Another example is when you create a simple application for registration at an event. People must register if they want to attend the event, so you have prepared a simple form for attendees. If the system that saves user data is a single-threaded application, it can only process one request at a time. But what if the event is a concert for millions of people? Processing one request at a time will slow down the performance drastically. That's why it is a good idea to make the application multithreaded to allow multiple requests to be processed at the same time.

Threading in Python

Almost everything in Python can be represented as an object. Threading is represented in Python. Therefore, threading is also an object. A thread in Python can hold data, can be passed as a parameter to a function, can have various states such as locked or unlocked, and can be stored in different data structures like dictionaries, lists, and so on.

Before jumping into code implementation, let's understand the concept of locking. A lock is a synchronization object that controls simultaneous access to an object. A lock acts as a permit: it is a vital thing in the prevention of data corruption.

The lock will be assigned to only one thread at a time. Other threads will wait for the lock owner to complete its task and return it. Thanks to the lock mechanism, it is possible to control the competition between various threads, ensuring that each one of them performs its activities without the unwanted interference of other threads.

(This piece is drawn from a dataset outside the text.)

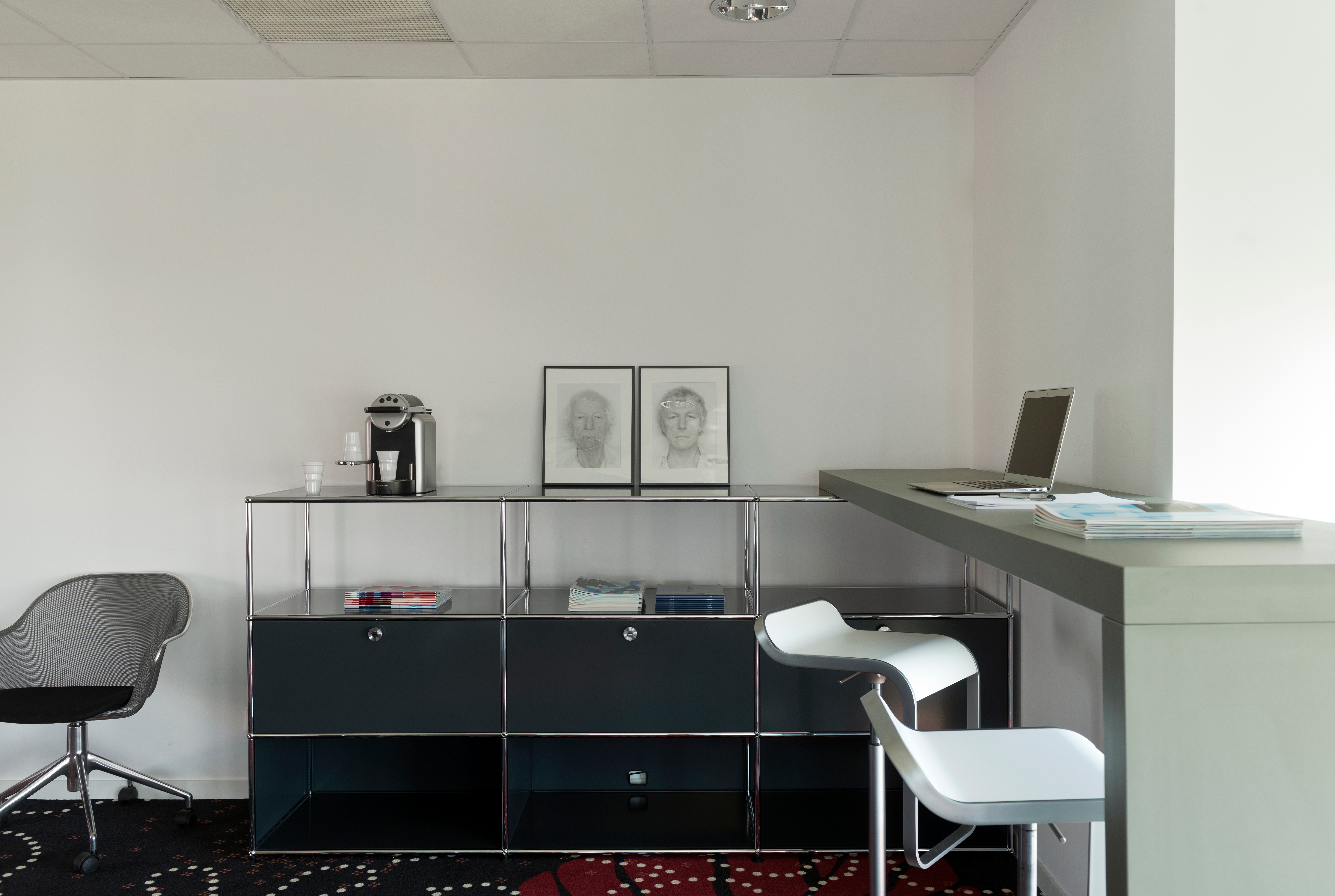 This is an "image project" in which the client asked us to organize 5 identical spaces in front of his main office. These spaces were dedicated to management, meeting with clients, lunch with clients. You can see these spaces from the airport of Nice, and they are part of the image of this business school. Bel Oeil managed to set 5 different organizations, bringing as much flexibility as possible, and very functionnal and comfortable settings. We used brands such as USM Haller, B&B Italia, Tecno Spa, Knoll International, Inno, Foscarini or Porro to achieve this prestigious project.

Now, let's return to the notion of threading. Python offers two modules for thread-control in programs: _thread and threading. The main difference between them is that the _thread module implements a thread as a function, while the threading module offers an object-oriented approach to enable thread creation. Below you'll see examples that will give you an idea of how to implement threads using both built-in modules.

The _thread module

First, let's create a function called greet. It takes a lock object as an argument, waits for 3 seconds, and prints a welcome message. The parameter will be necessary later when we'll use a thread to execute the function:

import time

locks = []

def greet(lockobject):
    time.sleep(3)
    print('Hello, ')
    # Release the lock as we are done here
    lockobject.release()

Then we need to create a thread, where we can execute our function. When the thread is started, it takes the function and a tuple of lock objects:

import _thread

def create_thread():
    # Create a lock and acquire it
    lockobject = _thread.allocate_lock()
    lockobject.acquire()

    # Store it in the global lock list
    locks.append(lockobject)
    # Pass it to a new thread that can release the lock once done
    _thread.start_new_thread(greet, (lockobject,))

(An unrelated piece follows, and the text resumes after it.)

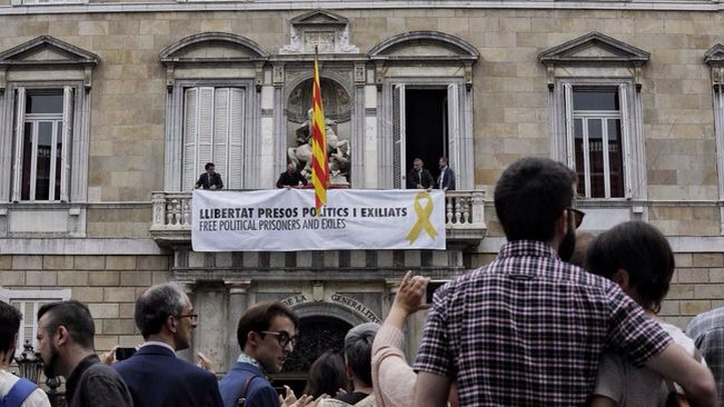 Pancarta a la façana de la Generalitat que reclama “llibertat presos polítics i exiliats” / CRISTINA CALDERER
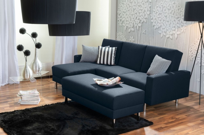 Moderne Longchair-Garnitur in schlichtem, zeitlosen Design. Der Longchair ist wahlweise rechts oder links montierbar. Damit passt sich die Garnitur Ihrer individuellen Wohnsituation an. Die Rückenlehne ist 5-fach verstellbar. Für optimalen Sitzkomfort sorgt ein schaumummantelter Federkern in der Sitzfläche. Der mitgelieferte Stauraumhocker ergänzt die Garnitur perfekt und lässt sich am Sofa fixieren. In Verbindung mit der zurückgeklappten Rückenlehne entsteht so eine große Liegefläche von ca. 170 x 200 cm. Die verchromten Metallfüße unterstreichen den modernen Look. ·230x152x93 in cm (BxTxH) ·Nettogewicht 56 kg ·Flachgewebe ·100% Polyester ·Sitzhärte mittel ·Anzahl Sitze 6 cm ·Wellenunterfederung, schaumummantelter Einzelfederkern, Polyätherschaum, Diolenabdeckung ·Fußfarbe Metall chromfarben ·stabiles Holzgrundgestell aus Massivholz und Holzwerkstoffen ·Bodenfreiheit 14 cm ·Armteilhöhe innen vorn/hinten 17 cm ·Höhe ohne Füße 68 cm ·Rückenhöhe innen 47 cm ·Sitzbreite vorn/hinten65 / 135 cm ·Sitztiefe 50 / LC 110 cm ·Sitzhöhe 47 cm

Let's continue with locks. A lock can be either locked or unlocked. It has only two basic methods, acquire() and release(). When the state is unlocked, acquire() changes the state to locked and returns immediately. When it is locked, acquire() blocks it until a call to release() in another thread changes it to unlocked, then the acquire() call resets it to locked and returns. Call the release() method only when the state is locked; it changes the state to unlocked and returns immediately. If an attempt is made to release an unlocked lock, an error will be raised.

Finally, we can call the create_thread function and print the rest of the greeting message:

create_thread()
print('world!')
# Acquire all locks = release all threads
all(lock.acquire() for lock in locks)

The threading module

In the following code snippet, we will recreate the above greeting function and then pass it as a target parameter to our thread. A target is a callable object that is invoked by thread methods. Once we create the thread object, we must start it with the start() method.

import time
from threading import Thread


def greet():
    time.sleep(3)
    print('Hello, ')


t = Thread(target=greet)
t.start()

print('world!')

If you run the snippets above, you will notice that even if we created a thread before the print statement, world! is printed 3 seconds before the Hello, string. This happens because when using threading, our program does not wait until the delay but rather goes and executes the next lines.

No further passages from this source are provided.